Ky. Auditor highlights findings in Christian Co. Fiscal Court audit report

The Kentucky Auditor has released the annual audit conducted for Christian Fiscal Court, and her office had some findings that they wanted brought to the county’s attention.

The review of the financial statements of the Christian Fiscal Court were for the fiscal year that ended on June 30 of 2025, in accordance with state law requiring annual audits. There were four findings in that audit, with three of them repeat findings from the year before.

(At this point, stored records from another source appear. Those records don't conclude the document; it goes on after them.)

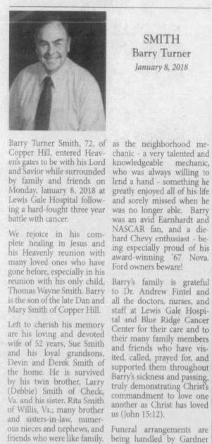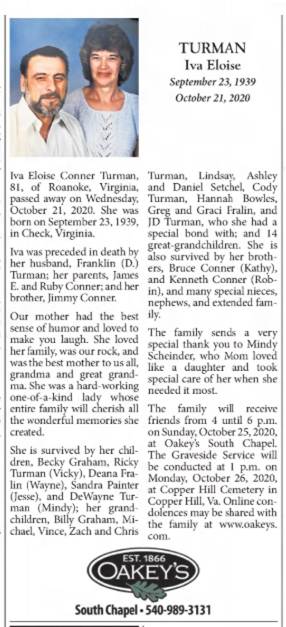 Virginia Department of Transportation with 36 years of service. Surviving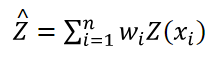Under the kriging method, the predicted Ẑ values for xi locations with unknown land values result from a weighted average of locations (with weights wi) with known land value, Z(xi):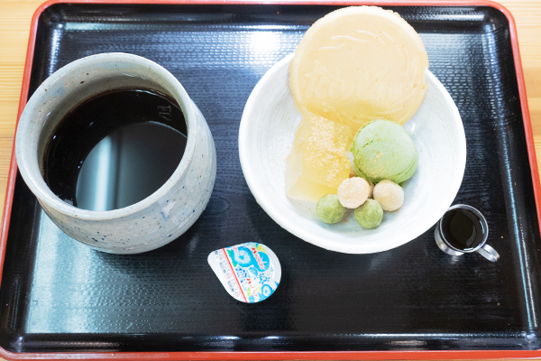 くずもち・三色団子・抹茶のアイスクリームきなこ黒みつかけ
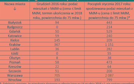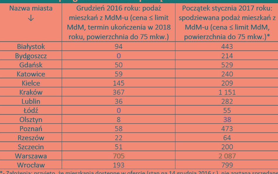 Spory deficyt nowych lokali z dopłatą prawdopodobnie będzie widoczny w Rzeszowie Rzeszowie, Olsztynie oraz Łodzi. Problemy demograficzne sprawiają, że to ostatnie miasto nie jest atrakcyjne dla deweloperów (pomimo relatywnie wysokiego poziomu limitów "MdM"). Młodzi mieszkańcy szukający mieszkania mają jednak do dyspozycji dobrze rozwinięty i tani rynek wtórny.

The Auditor’s Office says the fiscal court ‘failed to implement effective internal controls over financial reporting’, specifically citing that the fourth quarter financial statement that was submitted to the Department of Local Government was misstated by approximately $1.3 million due to posting errors. This is due to Fiscal Court entering into a debt agreement in the prior year to upgrade the county’s radio system, but the money for that wasn’t distributed until 2025. The report also finds that vehicles purchased for the sheriff’s office were omitted from the receipts and disbursements ledgers.

In response, Christian County Judge-Executive Jerry Gilliam says the extra entry for the radio system debt was made due to not understanding the all the correcting entries made in the prior year. With answers in hand now, he says the county is better prepared to meet reporting requirements. Additionally, the process for the lease of sheriff vehicles has been adjusted to ensure that entries are made in the correct time period going forward.

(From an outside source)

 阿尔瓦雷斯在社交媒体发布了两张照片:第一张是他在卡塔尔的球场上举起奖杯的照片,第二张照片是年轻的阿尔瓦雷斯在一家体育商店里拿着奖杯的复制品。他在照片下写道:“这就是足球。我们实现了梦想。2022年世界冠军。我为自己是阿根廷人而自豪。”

Another repeated finding from the Auditor’s Office showed the Fiscal Court ‘had inadequate controls over disbursements resulting in noncompliance’. Noted within the report in the county’s disbursement were that five out of 68 invoices tested had purchase orders issued after the expense had already been incurred, with those five invoices totally $106,488. Also, the Fiscal Court reportedly failed to obtain three quotes prior to purchasing two vehicles in the amount of $107,400, and an agreement for the purchase and installation of a radio communications systems was not properly procured through the competitive bidding process. Expenditures for that was $605,846.

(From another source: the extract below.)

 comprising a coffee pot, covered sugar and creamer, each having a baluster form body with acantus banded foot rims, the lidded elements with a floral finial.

Judge Gilliam responded, saying, “At the time of purchase, the county relied in good faith on KRS 45A.050(3), which allows counties to purchase in accordance with state contracts, with the understanding that the state’s competitive process satisfied our procurement obligations. The county did not recognize that the specific master agreement then in effect still required users to obtain quotes from at least three awarded dealers before purchasing. The county acknowledges that purchasing “in accordance with” a state contract requires compliance with all procedural conditions that contract and accepts responsibility for this omission.”

The third repeat finding was ‘schedule of expenditures of federal awards (SEFA) was misstated’—the Auditor’s Officer found that the Fiscal Court’s SEFA was overstated by $389,502. Some of that was unobligated Coronavirus State and Local Fiscal Recovery that was returned to the U.S. Treasury, and $311,637 in expenditures that were not reimbursed by federal money.

In the new finding, the Auditor reported that the Fiscal Court failed to approve cash transfers prior to them being made. Sixteen cash transfers in the amount of $3.5 million were tested, and all but one were transferred before they were subsequently approved by the court.

Judge Gilliam states they are committed to implementing the auditor’s guidance going forward, with call cash transfers to be presented to Fiscal Court for approval before being made.